(About this task):
All records, minus the pictures: write them out exactly.

[[ Records shown, beginning ]]

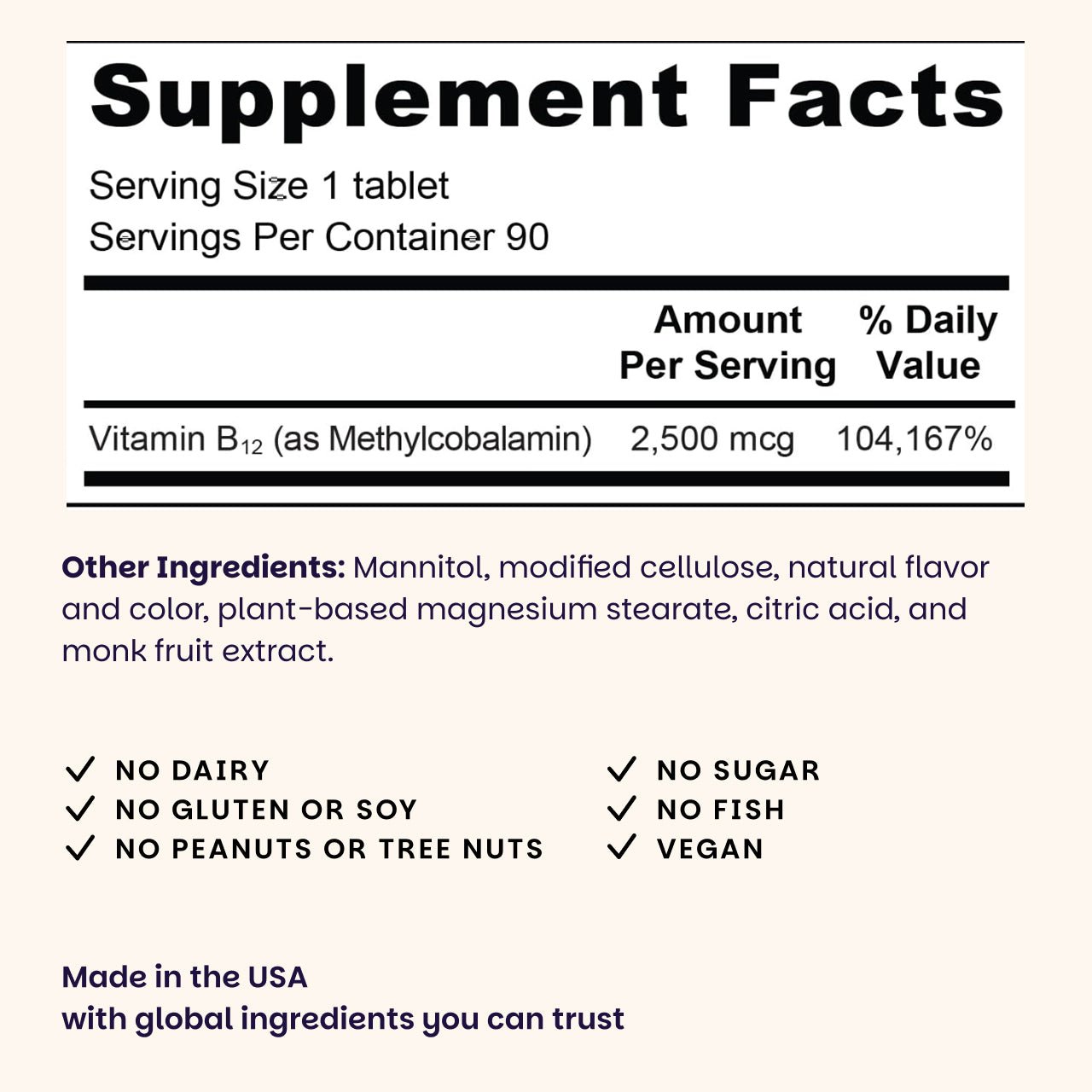 Other ingredients: Mannitol, modified cellulose, natural flavor and color, plant-based magnesium stearate, citric acid, and monk fruit extract
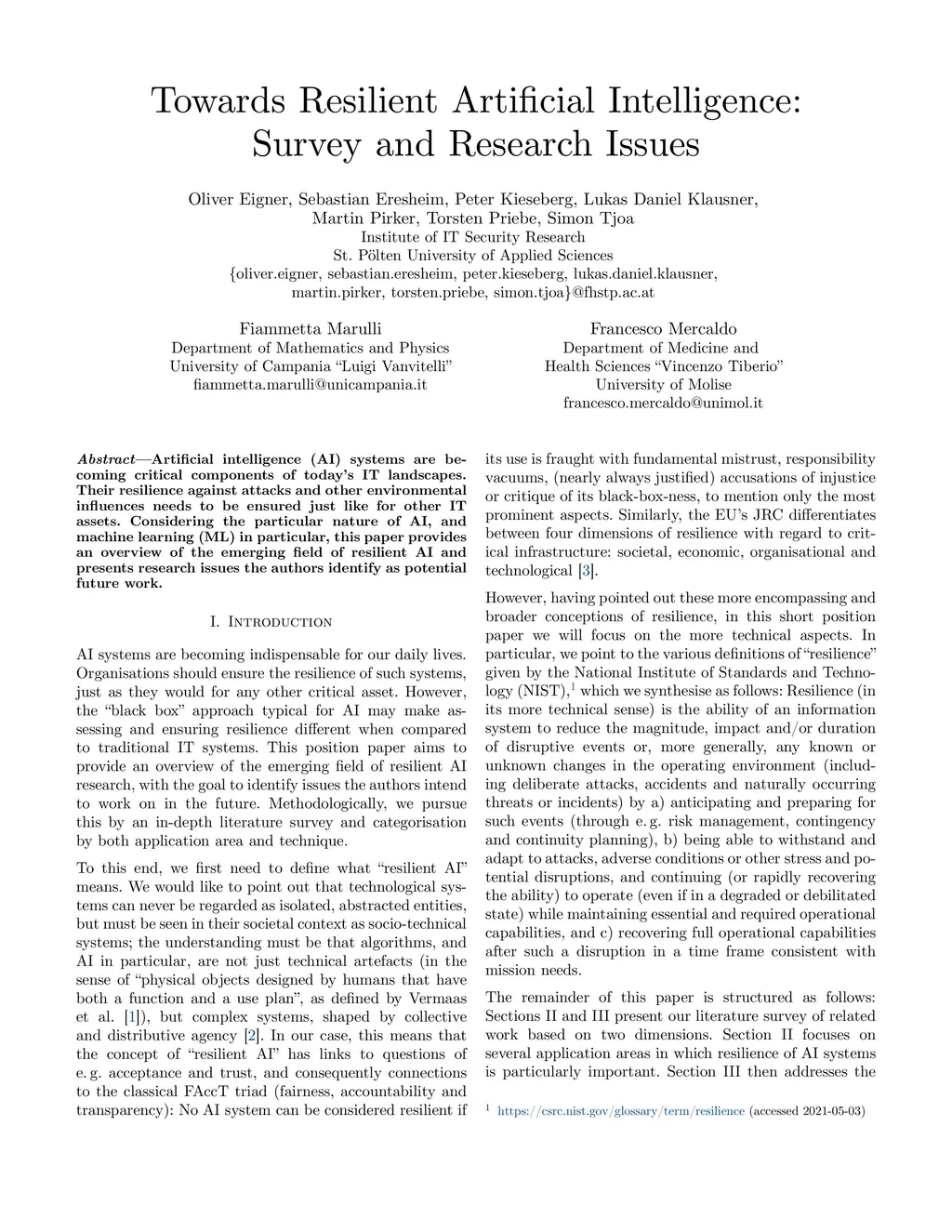 Towards Resilient Artificial Intelligence: Survey and Research Issues
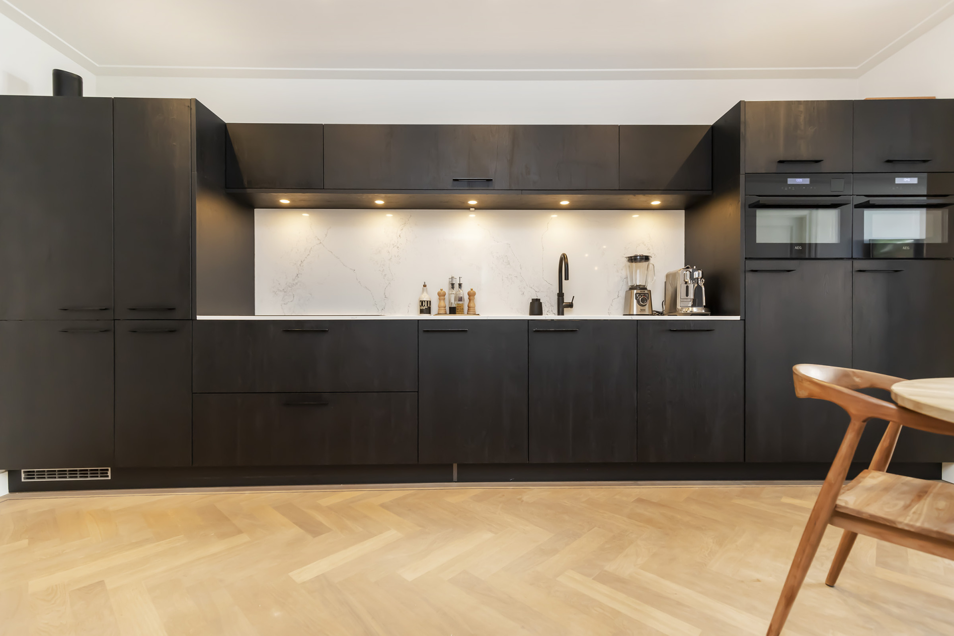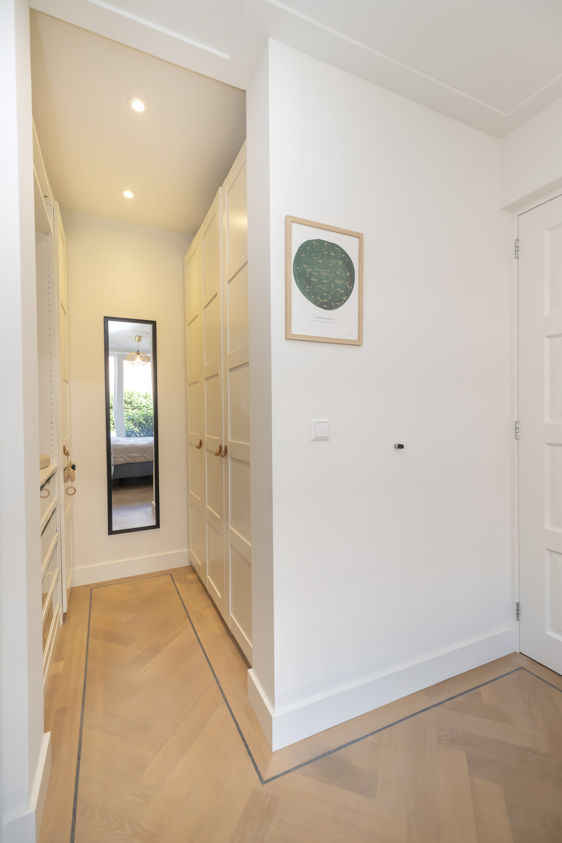 De lichte woonkamer is voorzien van een stijlvolle visgraat parketvloer, een daklicht met driedubbel glas en openslaande deuren naar de tuin. De moderne keuken is een echte eyecatcher en uitgerust met hoogwaardige inbouwapparatuur: een 4-pits inductiekookplaat, Quooker, twee ovens (een stoomoven en een combimagnetron), een grote koelkast en een separate vriezer.
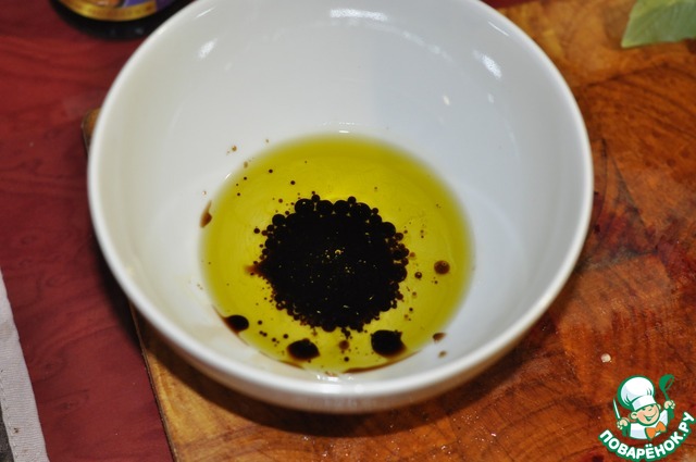 Приготовления соуса. Оливковое масло, растительное, бальзамик, и соус Ворчестершир добавляем соль морскую, все смешиваем, получается эмульсия. Соус должен быть немного кисловатый. все игридиенты смешиваем на свой вкус, кто больше оливкогового, или бальзамика.
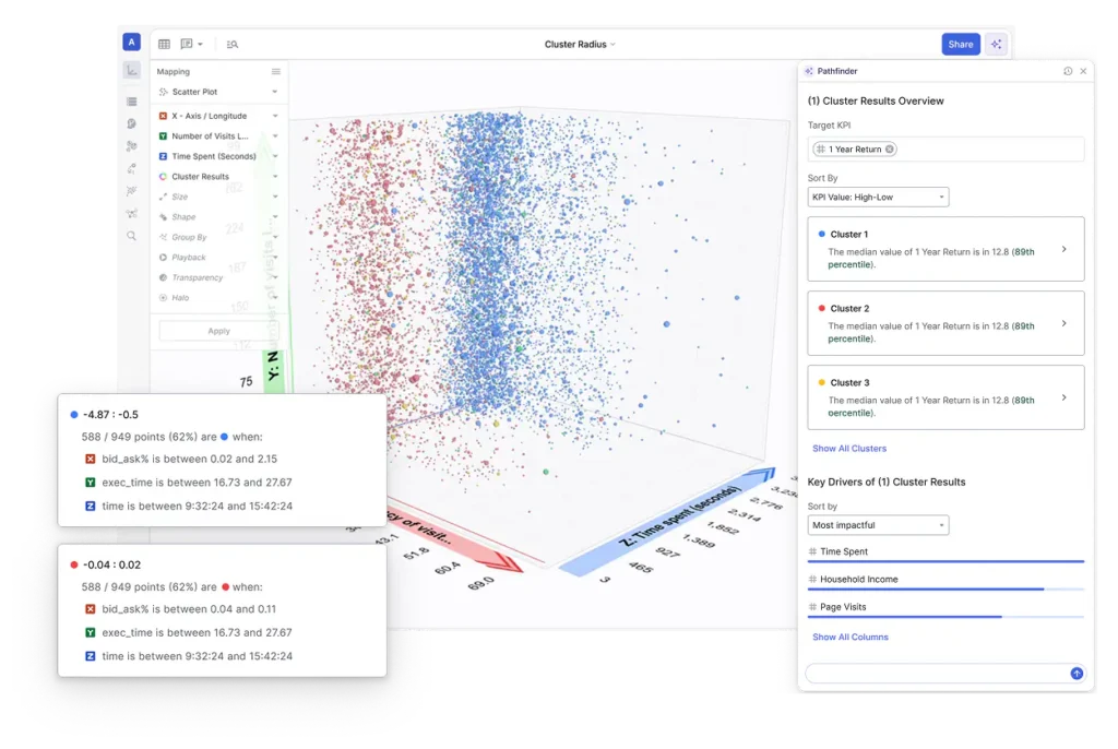 - **Data Exploration: **Using AI to Explore, Illustrate, and Illuminate the Insights in Your Data - Provide AI guidance that uncovers deep data insights while creating data stories that leadership teams can follow. - Our approach to AI uncovers hidden patterns in complex data and generates 3D visuals and explanations to give you confidence in your next data-driven decision. - Smart Mapping: Helps users instantly understand the key drivers in their data and presents relevant 3D visualizations of key drivers. - Anomaly Detection: Identifies points that are statistical outliers or have extreme values for combinations of features. - Network Extractor: Enables users to generate Network Graphs from tabular datasheets.
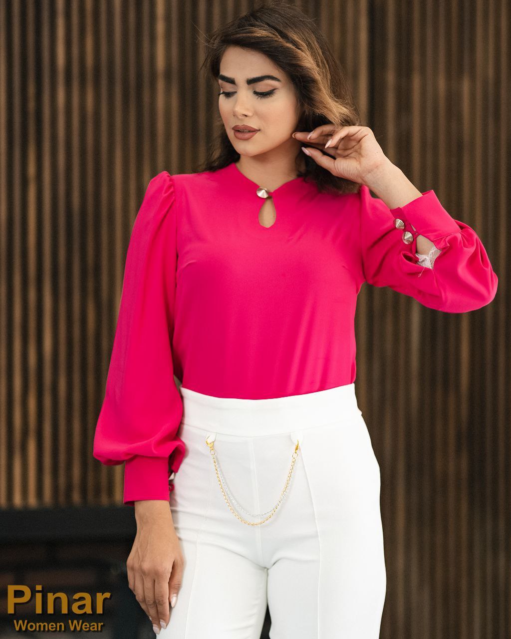 شومیز مجلسی زنانه یقه سه سانت آستین گیپور
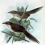 | Poodytes rufescens | (Buller, 1869) | о-ви Чатем | 1900 р. | завезення хижаків, кіз та кроликів | ![]() | |
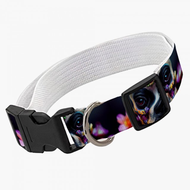 Sugar Skull Pet Bandana Collar is made of 100% polyester, which is soft and comfortable for your pet to wear, and does not harm their skin and fur. It is lightweight and will not affect the running and walking of pets. French Bulldog Print Pet Bandana Collar can be washed and reused. Floral Pet Bandana Collar is designed and printed in California.
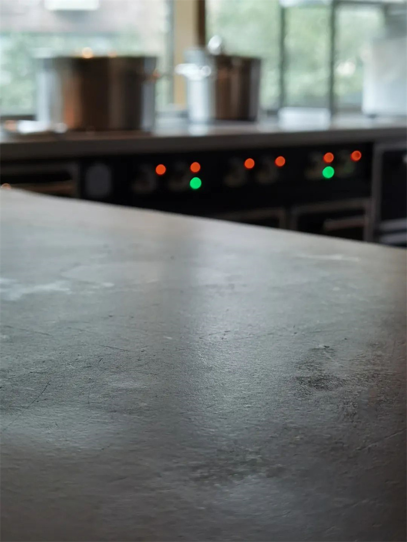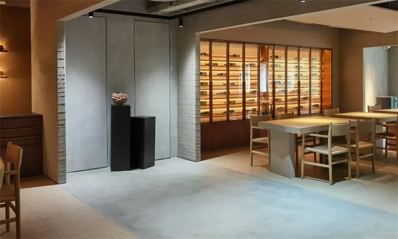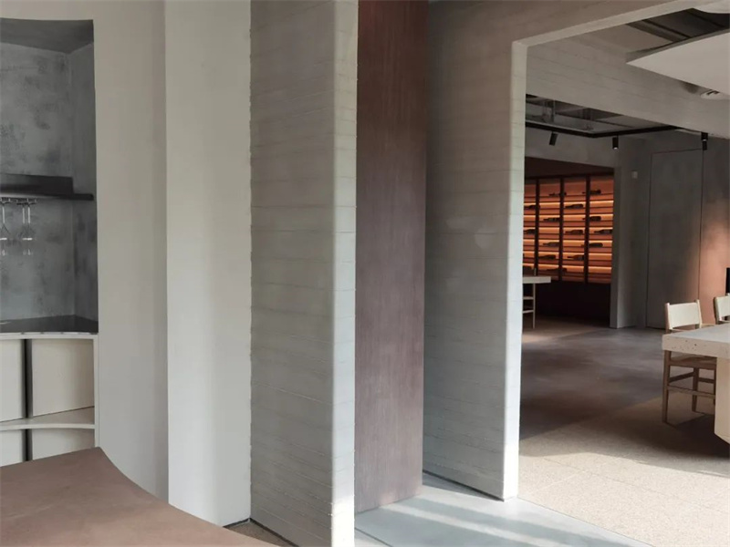 通过将质感各异的艺术水泥应用于不同区域,在保证视觉观感的前提下起到了卓越的功能分区作用
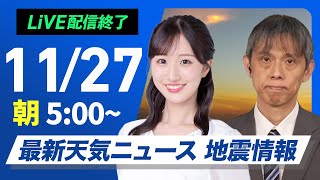 【ライブ】最新天気ニュース・地震情報 2025年11月27日(木) /西から天気下り坂 夜は荒天に〈ウェザーニュースLiVEモーニング・ 田辺真南葉/芳野達郎〉
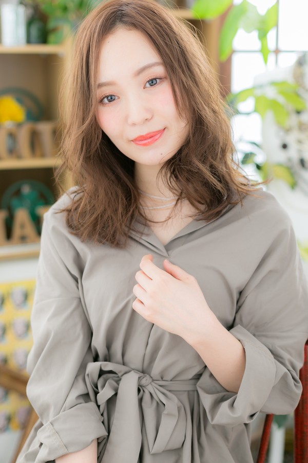 エアリーな雰囲気がフェミニンなふわミディ。ナチュラルボブやフェミニンボブ、大人ボブや前下がりボブからの伸ばしかけにオススメ。ベージュカラーやグラデーションカラーで立体感を出したり、旬のグレージュもグラマラス。
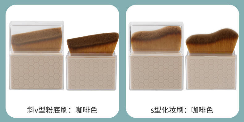 brown-oblique v-shaped powder foundation brush + 0pp/color box packaging
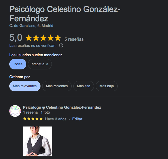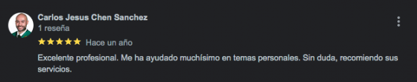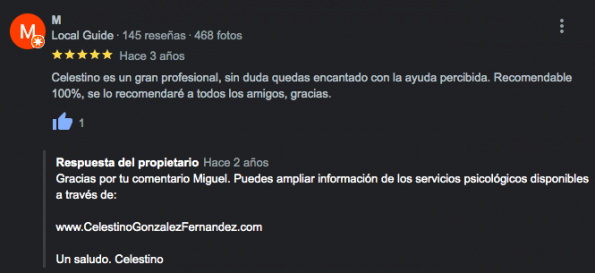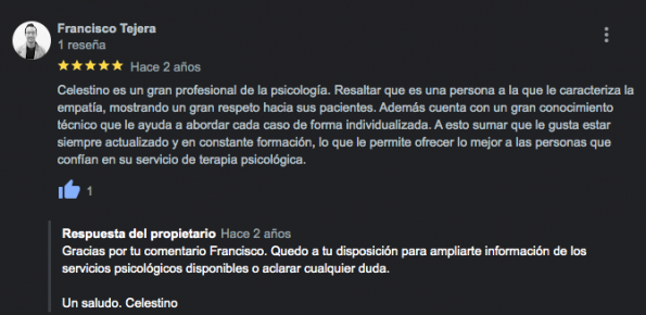 - Paciente 001-D: «Celestino ha sido capaz de plantearme cuestiones clave que me han ayudado a identificar mis áreas de mejora y me ha ayudado a verbalizar muchas de mis inquietudes. Profesional tenaz, muy metódico y con una gran orientación hacia las personas. Empático y capaz de asumir como propias mis metas. Sin ningún atisbo de duda, lo recomiendo como acompañante en tu terapia.»
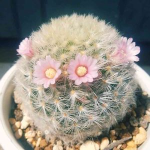 サボテン マミラリア属 カルメナエ 二輪咲いてから止まってた蕾が 一カ月して再開😊 王冠は難しいそうだけど次々と 咲きそう🥰
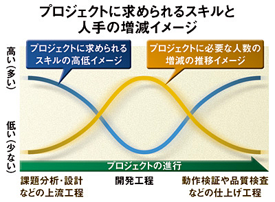 新野社長はプロジェクトに求められるスキルと人手の増減に着目。設計→開発→テストの一連の工程のなかで「設計」と「テスト」は高い水準のスキルが必要であるのに対して、「開発」は高いスキルよりも人手が多くかかる。上流の設計を誤るとプロジェクトそのものの不採算化を招く危険性も高まる。テストや動作検証は品質確保に欠かせない。

[[ Records shown, end ]]

(Solution for this problem):
 Other ingredients: Mannitol, modified cellulose, natural flavor and color, plant-based magnesium stearate, citric acid, and monk fruit extract
 Towards Resilient Artificial Intelligence: Survey and Research Issues
 De lichte woonkamer is voorzien van een stijlvolle visgraat parketvloer, een daklicht met driedubbel glas en openslaande deuren naar de tuin. De moderne keuken is een echte eyecatcher en uitgerust met hoogwaardige inbouwapparatuur: een 4-pits inductiekookplaat, Quooker, twee ovens (een stoomoven en een combimagnetron), een grote koelkast en een separate vriezer.
 Приготовления соуса. Оливковое масло, растительное, бальзамик, и соус Ворчестершир добавляем соль морскую, все смешиваем, получается эмульсия. Соус должен быть немного кисловатый. все игридиенты смешиваем на свой вкус, кто больше оливкогового, или бальзамика.
 - **Data Exploration: **Using AI to Explore, Illustrate, and Illuminate the Insights in Your Data - Provide AI guidance that uncovers deep data insights while creating data stories that leadership teams can follow. - Our approach to AI uncovers hidden patterns in complex data and generates 3D visuals and explanations to give you confidence in your next data-driven decision. - Smart Mapping: Helps users instantly understand the key drivers in their data and presents relevant 3D visualizations of key drivers. - Anomaly Detection: Identifies points that are statistical outliers or have extreme values for combinations of features. - Network Extractor: Enables users to generate Network Graphs from tabular datasheets.
 شومیز مجلسی زنانه یقه سه سانت آستین گیپور
 | Poodytes rufescens | (Buller, 1869) | о-ви Чатем | 1900 р. | завезення хижаків, кіз та кроликів | ![]() | |
 Sugar Skull Pet Bandana Collar is made of 100% polyester, which is soft and comfortable for your pet to wear, and does not harm their skin and fur. It is lightweight and will not affect the running and walking of pets. French Bulldog Print Pet Bandana Collar can be washed and reused. Floral Pet Bandana Collar is designed and printed in California.
 通过将质感各异的艺术水泥应用于不同区域,在保证视觉观感的前提下起到了卓越的功能分区作用
 【ライブ】最新天気ニュース・地震情報 2025年11月27日(木) /西から天気下り坂 夜は荒天に〈ウェザーニュースLiVEモーニング・ 田辺真南葉/芳野達郎〉
 エアリーな雰囲気がフェミニンなふわミディ。ナチュラルボブやフェミニンボブ、大人ボブや前下がりボブからの伸ばしかけにオススメ。ベージュカラーやグラデーションカラーで立体感を出したり、旬のグレージュもグラマラス。
 brown-oblique v-shaped powder foundation brush + 0pp/color box packaging
 - Paciente 001-D: «Celestino ha sido capaz de plantearme cuestiones clave que me han ayudado a identificar mis áreas de mejora y me ha ayudado a verbalizar muchas de mis inquietudes. Profesional tenaz, muy metódico y con una gran orientación hacia las personas. Empático y capaz de asumir como propias mis metas. Sin ningún atisbo de duda, lo recomiendo como acompañante en tu terapia.»
 サボテン マミラリア属 カルメナエ 二輪咲いてから止まってた蕾が 一カ月して再開😊 王冠は難しいそうだけど次々と 咲きそう🥰
 新野社長はプロジェクトに求められるスキルと人手の増減に着目。設計→開発→テストの一連の工程のなかで「設計」と「テスト」は高い水準のスキルが必要であるのに対して、「開発」は高いスキルよりも人手が多くかかる。上流の設計を誤るとプロジェクトそのものの不採算化を招く危険性も高まる。テストや動作検証は品質確保に欠かせない。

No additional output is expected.